Black Sabbath's "13"

good album, but I thought every song kinda "felt" the same. They seemed to fall in to the "sabbath is a doom band" and just went with that formula. I never considered them a doom band. Yes doomy moments, but it was the fact that they went all over the place with each album that made them great.. 13 didn't have that for me
It very much felt like a throwback album, and that's kind of antithetical to the experimental, trailblazing spirit of the band.

Rubin wanted a very specific thing from the band, which is to pretend it was the follow-up to the debut album.

Sabbath didn't need to pretend they were Sabbath. Rubin lost the plot with that one I think.
 
It very much felt like a throwback album, and that's kind of antithetical to the experimental, trailblazing spirit of the band.

Rubin wanted a very specific thing from the band, which is to pretend it was the follow-up to the debut album.

Sabbath didn't need to pretend they were Sabbath. Rubin lost the plot with that one I think.
It’s the incestious nature of the Hollywood scene. These guys just always work with each other and often to the detriment of something new and cool. Rubin is the guy they think they need when going for something “authentic” but is actually just nostalgia. AC/DC and Metallica didn’t fair too well with him either IMO. He was better at tapping into classic bands when producing new/young bands but not when actually getting to work with a classic band.
 
It’s the incestious nature of the Hollywood scene. These guys just always work with each other and often to the detriment of something new and cool. Rubin is the guy they think they need when going for something “authentic” but is actually just nostalgia. AC/DC and Metallica didn’t fair too well with him either IMO. He was better at tapping into classic bands when producing new/young bands but not when actually getting to work with a classic band.
I feel like he got that rep working with Johnny Cash, except that with Cash, he was making the albums Johnny had always wanted to make but hadn't been allowed to by the Nashville establishment.
 
It very much felt like a throwback album, and that's kind of antithetical to the experimental, trailblazing spirit of the band.
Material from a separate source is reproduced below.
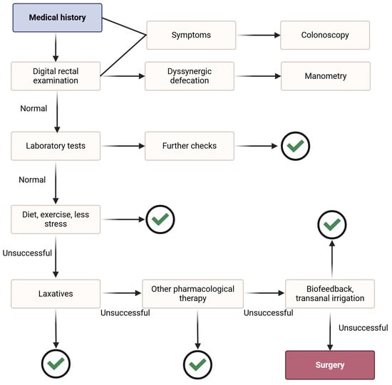 - Włodarczyk, J.; Waśniewska, A.; Fichna, J.; Dziki, A.; Dziki, Ł.; Włodarczyk, M. Current Overview on Clinical Management of Chronic Constipation. J. Clin. Med. 2021, 10, 1738. [Google Scholar] [CrossRef] [PubMed] [PubMed Central]

Rubin wanted a very specific thing from the band, which is to pretend it was the follow-up to the debut album.

Sabbath didn't need to pretend they were Sabbath. Rubin lost the plot with that one I think.
It’s a great album though
 
I think the big issue was the production. It's very badly brickwalled, as is the norm with Ruck Rubin.
As is the norm...full stop.

The mastering engineer is the one who's really damned if you do damned if you don't, its a total no win situation. If you make it sound good you will be forever ignored for contention because it just will disappear among the background music optimized tracks. If you DO squash it to 2 to 4 bits of dynamic range, the fans will hate you for smashing it, but you'll keep your job as you delivered what the guy signing the checks wanted
 
It's a really good album, but I would say it's in spite of Rubin.
But I think he achieved that goal . He wanted blues metal like the first 2 albums . I hear that completely . But other than that he don’t do much but annoy bands . But is that is secret and he knows it? Annoy bands to get them going .Make a fake struggle or conflict to get better songs ?
 
I started listening to his book and the way the dude talks is a bit daffy, but I honestly believe he goes into things trying to get the best out of the band and teach them how to communicate.

Having said that, based on the Beastie Boys fight, he clearly has some operational issues.